Blues Again : Comment le groupe est-il né ?
Boneyard Moan : Nous avions envie de revenir aux racines du blues après avoir eu une aventure dans un groupe de bluesrock qui s'est terminée. Le principe était de jouer dans les bars en acoustique (guitare, chant, harmonica, percussions) sans aucune prétention, juste pour le plaisir de continuer à jouer ensemble. Puis au fur et à mesure des compositions sont nées, on a remplacé la percu par une batterie, la guitare acoustique par une guitare électrique et ensuite nous avons fait appel à un bassiste.

Depuis quand existe-t-il ?
Notre premier concert  s'est déroulé en novembre 2011, à deux, en acoustique (guitare, chant, harmonica, cajon) et ensuite la formule trio électrique en 2013. C'est essentiellement John (chanteur, guitariste) qui apporte l'essentiel (texte, chant, riffs de guitare) et nous arrangeons le reste avec la basse et la batterie.

Pourquoi ce nom ?
Nous pourrions traduire Boneyard Moan par "chansons de cimetière". Les cimetières ont un statut mythique dans l'histoire du blues.

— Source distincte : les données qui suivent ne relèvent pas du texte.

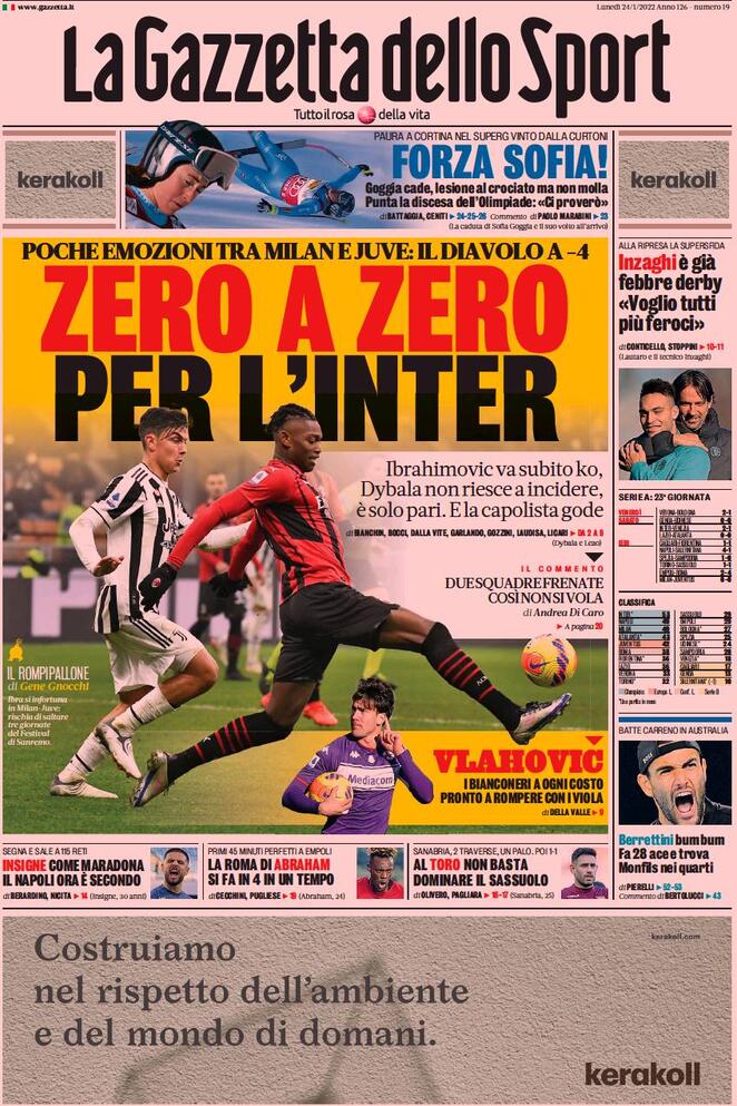 LE PRIME PAGINE DEI QUOTIDIANI SPORTIVI
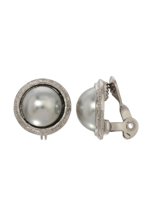 This elegant round pair of clip-on earrings boast a meticulously crafted framework, showcasing intricate detailing throughout. Adorned with a lustrous 14mm round grey faux pearl, these earrings exude sophistication and charm, perfect for adding a touch of understated glamour to any ensemble. Perfect for work, evenings out, or special occasions. Length .75 in., width 19mm.
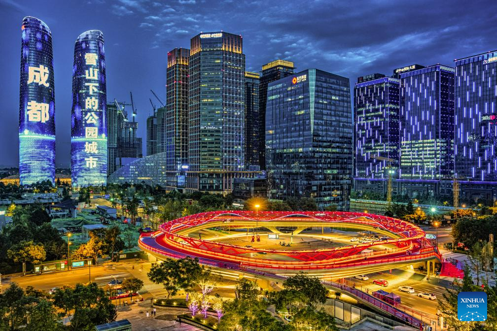 This photo taken on Aug. 27, 2021 shows a night view in Chengdu, southwest China's Sichuan Province.
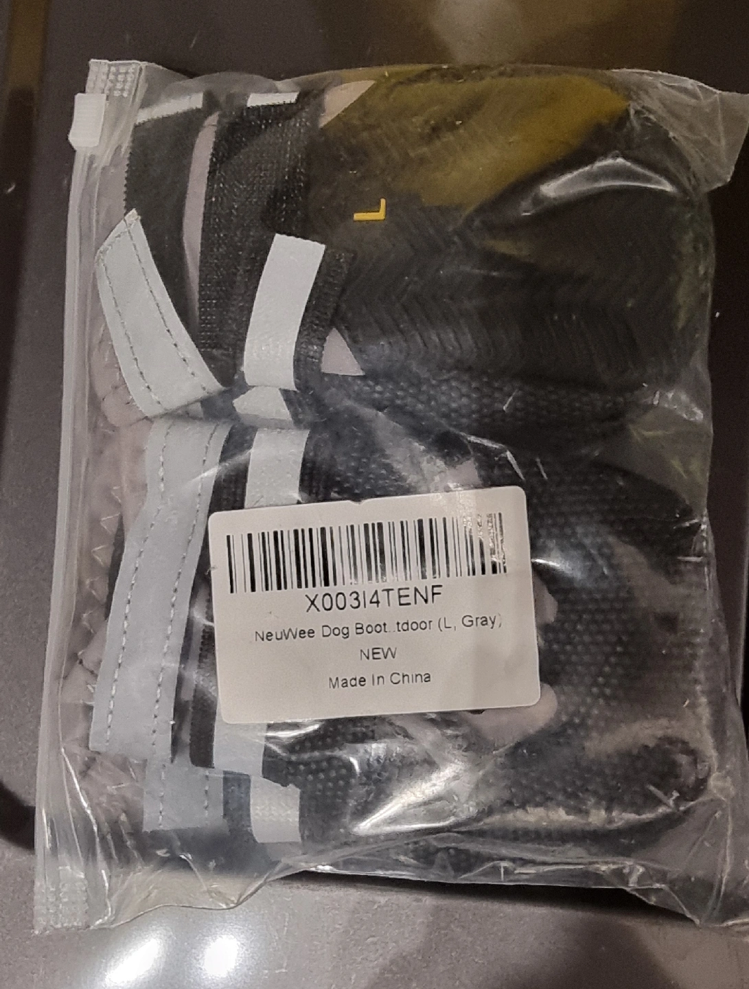 Selling a brand new pair of NeuWee dog boots in size L and gray! They're still in the original packaging and ready for your furry friend's next adventure
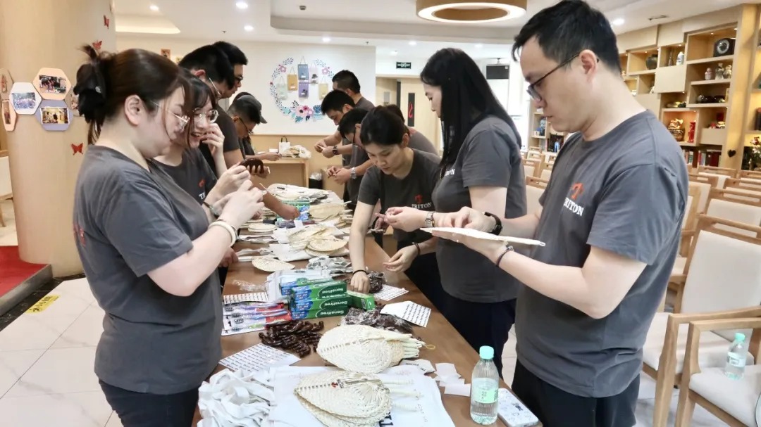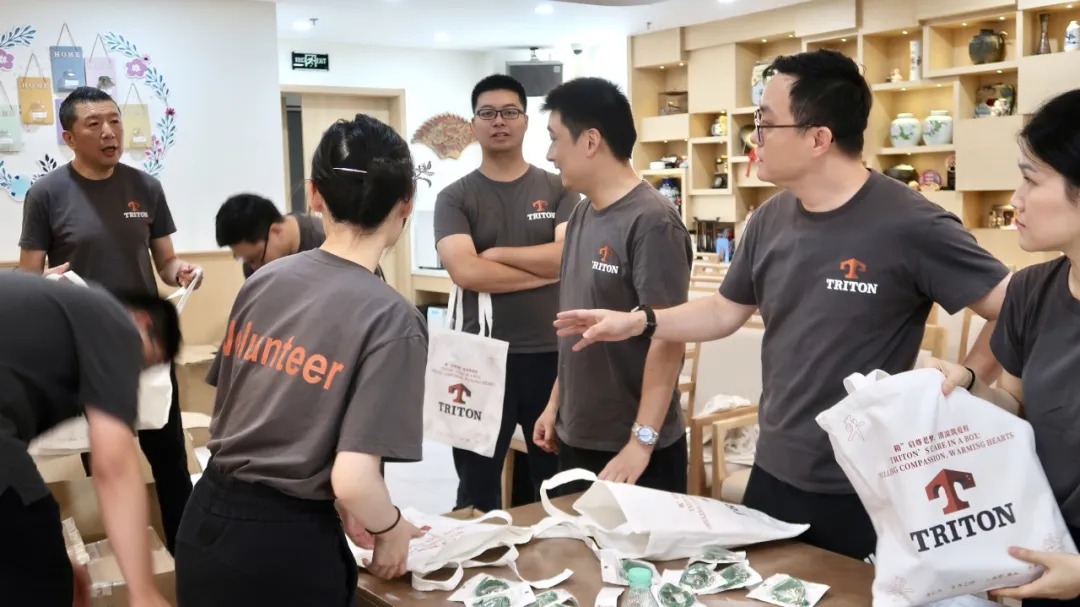 貼標組志愿者將印有TRITON logo的貼紙細心粘貼在清涼物品顯眼位置,彰顯企業(yè)對活動的重視;分裝組則按預設(shè)組合,將物品整齊裝入定制帆布袋,每一份禮包都承載著對老人的誠摯關(guān)懷。
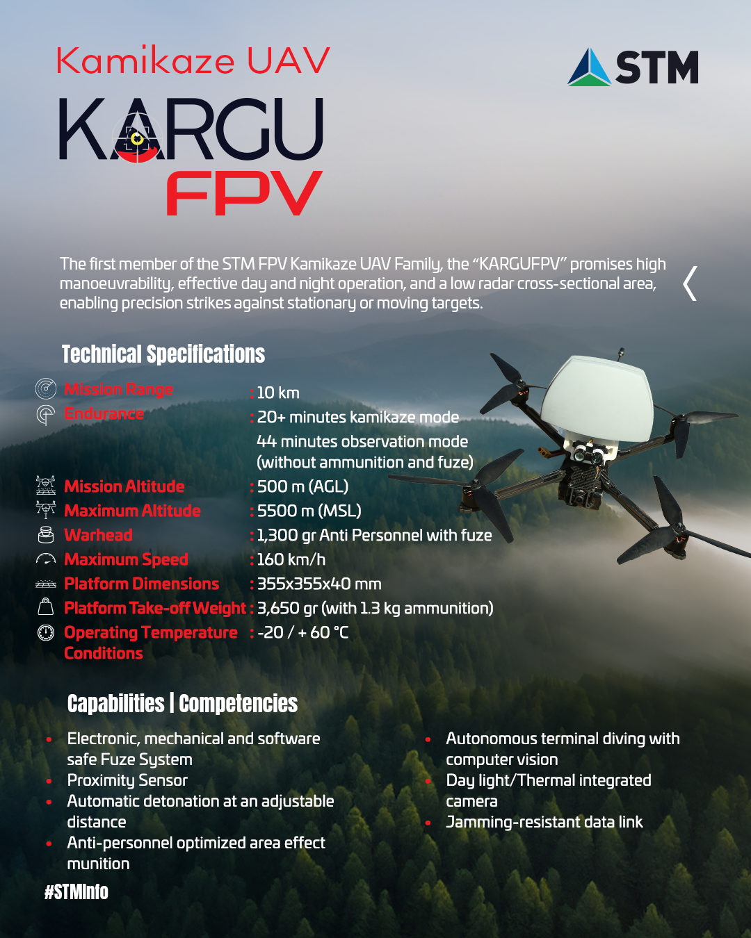 "We are now offering our FPV kamikaze drone family, a national and innovative solution, to the field. The first member of this family has been developed to meet operational needs, featuring an advanced military-security fuze and the ability to operate without being affected by electronic warfare. We are adding STM's autonomy and artificial intelligence-supported image processing and precision strike capabilities to our FPV Drone. The product we have developed, unlike its counterparts, is capable of marking its target with its autonomous terminal diving capability supported by image processing, contributing to pinpoint-precision strikes. We will add high autonomy and computer vision capabilities to future members of the FPV Drone family, thus creating an innovative range of FPV products."

On pense notamment aux légendes du blues qui répétaient parfois dans les cimetières (les allusions avec le  diable !). Beaucoup de bluesmen parlaient de la mort, etc... Ce n'est à la base pas une musique joyeuse.

Qui sont les fossoyeurs ?
John Vander : guitare, chant, harmonica, originaire de Glasgow, venu vivre en France en 2005.
Fred Hays : batterie, originaire de Nancy, évolue dans plusieurs formations musicales depuis 2000.
Max Nominé : basse, professeur de musique près de Saint Dizier, guitariste de formation, joue dans plusieurs groupes également.

Comment s’est fait la rencontre entre vous ?
Dans un bar bien sûr !

Quelles ont été vos influences ?
Early blues music, rock-blues des années 60, Bob Dylan, Seasick Steve...

Où et quand avez-vous fait votre premier concert?
Nous avons fait notre premier concert dans un petit bar à Nancy en acoustique en novembre 2011. Sinon notre premier concert en trio était dans les Vosges durant l'été 2013. Maintenant nous faisons en moyenne une vingtaine de concerts par an.

Votre plus belle expérience sur scène ?
Une fois, nous avons reçu une culotte...

blues

En quoi la scène est-elle indispensable ?
C'est le meilleur moyen de communiquer notre musique. C'est la forme de communication la plus pure, la plus vraie. C'est un endroit où l'on se sent bien.

Boneyard Moan, association communautaire ou simple entreprise professionnelle ?
C'est les deux, pour nous la musique est essentielle. C'est toujours un plaisir de jouer ensemble, de partager notre musique avec le public. C'est une expérience communautaire et effectivement pour certains membres du groupe c’est aussi un moyen de gagner sa vie.

Répétez-vous beaucoup ?
On ne répète pas beaucoup, John apporte les compos et le reste arrive naturellement. Notre musique est assez simple, primitive, on fait vivre les morceaux en live cela garde une certaine fraîcheur. On répète pour composer, arranger et après on envoie la sauce.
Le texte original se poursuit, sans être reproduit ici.